_What the task asks:_ Copy word for word, please, the lines of the entries below running from the one containing "Сыр натереть на" to the one containing "- Las Noticias--Latin", both ends included.

The data Start Marker

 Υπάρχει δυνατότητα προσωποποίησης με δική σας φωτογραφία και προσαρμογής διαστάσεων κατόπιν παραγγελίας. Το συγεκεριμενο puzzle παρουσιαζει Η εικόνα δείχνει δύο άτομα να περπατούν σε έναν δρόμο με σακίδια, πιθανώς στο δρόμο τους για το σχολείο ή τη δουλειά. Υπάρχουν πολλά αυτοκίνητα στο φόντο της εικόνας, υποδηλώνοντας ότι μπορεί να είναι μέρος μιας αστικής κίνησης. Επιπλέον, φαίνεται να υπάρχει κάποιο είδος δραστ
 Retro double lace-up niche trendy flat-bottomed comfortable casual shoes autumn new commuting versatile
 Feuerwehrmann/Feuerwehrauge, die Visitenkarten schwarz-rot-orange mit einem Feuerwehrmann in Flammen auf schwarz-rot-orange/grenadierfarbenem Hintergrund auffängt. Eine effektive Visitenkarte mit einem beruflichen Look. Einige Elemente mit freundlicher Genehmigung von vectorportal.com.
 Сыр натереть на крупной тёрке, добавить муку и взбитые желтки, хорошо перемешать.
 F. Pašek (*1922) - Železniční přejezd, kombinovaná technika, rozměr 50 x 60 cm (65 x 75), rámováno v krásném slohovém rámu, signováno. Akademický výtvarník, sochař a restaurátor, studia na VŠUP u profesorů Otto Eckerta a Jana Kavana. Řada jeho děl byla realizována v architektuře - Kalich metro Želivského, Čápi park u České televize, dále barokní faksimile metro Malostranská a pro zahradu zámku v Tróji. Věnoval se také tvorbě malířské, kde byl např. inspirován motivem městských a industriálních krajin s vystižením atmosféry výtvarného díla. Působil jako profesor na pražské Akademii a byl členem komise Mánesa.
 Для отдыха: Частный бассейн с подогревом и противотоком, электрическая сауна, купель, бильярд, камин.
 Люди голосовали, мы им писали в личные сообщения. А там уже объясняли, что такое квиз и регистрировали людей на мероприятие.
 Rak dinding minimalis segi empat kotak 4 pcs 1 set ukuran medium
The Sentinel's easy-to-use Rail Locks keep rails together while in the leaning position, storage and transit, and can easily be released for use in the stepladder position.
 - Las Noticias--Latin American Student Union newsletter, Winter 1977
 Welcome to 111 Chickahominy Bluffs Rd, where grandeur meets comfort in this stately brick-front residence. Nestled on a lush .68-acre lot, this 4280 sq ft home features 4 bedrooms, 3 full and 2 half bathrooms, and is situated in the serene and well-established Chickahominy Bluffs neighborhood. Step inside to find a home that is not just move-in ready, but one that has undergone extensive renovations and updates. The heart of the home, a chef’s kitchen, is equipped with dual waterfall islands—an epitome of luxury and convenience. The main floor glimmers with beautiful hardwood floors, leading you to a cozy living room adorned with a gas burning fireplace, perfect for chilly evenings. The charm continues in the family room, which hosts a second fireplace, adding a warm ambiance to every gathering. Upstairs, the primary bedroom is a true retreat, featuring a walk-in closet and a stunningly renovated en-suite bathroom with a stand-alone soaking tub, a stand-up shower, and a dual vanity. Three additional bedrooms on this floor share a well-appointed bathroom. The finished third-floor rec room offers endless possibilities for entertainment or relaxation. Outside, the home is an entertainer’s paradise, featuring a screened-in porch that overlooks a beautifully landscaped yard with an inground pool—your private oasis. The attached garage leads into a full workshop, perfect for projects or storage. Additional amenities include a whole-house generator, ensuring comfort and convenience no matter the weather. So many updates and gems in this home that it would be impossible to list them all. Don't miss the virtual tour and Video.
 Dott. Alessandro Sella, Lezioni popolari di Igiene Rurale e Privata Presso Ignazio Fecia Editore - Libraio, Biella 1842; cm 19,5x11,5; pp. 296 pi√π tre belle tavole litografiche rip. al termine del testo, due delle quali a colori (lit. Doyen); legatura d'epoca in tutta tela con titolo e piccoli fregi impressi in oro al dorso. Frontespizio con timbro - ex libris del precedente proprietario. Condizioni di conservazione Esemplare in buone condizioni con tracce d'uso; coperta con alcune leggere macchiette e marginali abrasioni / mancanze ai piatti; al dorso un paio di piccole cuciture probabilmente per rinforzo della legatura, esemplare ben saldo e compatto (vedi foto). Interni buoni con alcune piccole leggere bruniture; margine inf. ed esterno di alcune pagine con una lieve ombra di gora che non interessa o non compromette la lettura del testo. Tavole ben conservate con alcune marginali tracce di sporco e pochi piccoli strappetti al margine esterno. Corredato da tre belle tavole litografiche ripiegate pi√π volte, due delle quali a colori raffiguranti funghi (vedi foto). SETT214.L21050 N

The data End Marker

_Response below:_
 Сыр натереть на крупной тёрке, добавить муку и взбитые желтки, хорошо перемешать.
 F. Pašek (*1922) - Železniční přejezd, kombinovaná technika, rozměr 50 x 60 cm (65 x 75), rámováno v krásném slohovém rámu, signováno. Akademický výtvarník, sochař a restaurátor, studia na VŠUP u profesorů Otto Eckerta a Jana Kavana. Řada jeho děl byla realizována v architektuře - Kalich metro Želivského, Čápi park u České televize, dále barokní faksimile metro Malostranská a pro zahradu zámku v Tróji. Věnoval se také tvorbě malířské, kde byl např. inspirován motivem městských a industriálních krajin s vystižením atmosféry výtvarného díla. Působil jako profesor na pražské Akademii a byl členem komise Mánesa.
 Для отдыха: Частный бассейн с подогревом и противотоком, электрическая сауна, купель, бильярд, камин.
 Люди голосовали, мы им писали в личные сообщения. А там уже объясняли, что такое квиз и регистрировали людей на мероприятие.
 Rak dinding minimalis segi empat kotak 4 pcs 1 set ukuran medium
The Sentinel's easy-to-use Rail Locks keep rails together while in the leaning position, storage and transit, and can easily be released for use in the stepladder position.
 - Las Noticias--Latin American Student Union newsletter, Winter 1977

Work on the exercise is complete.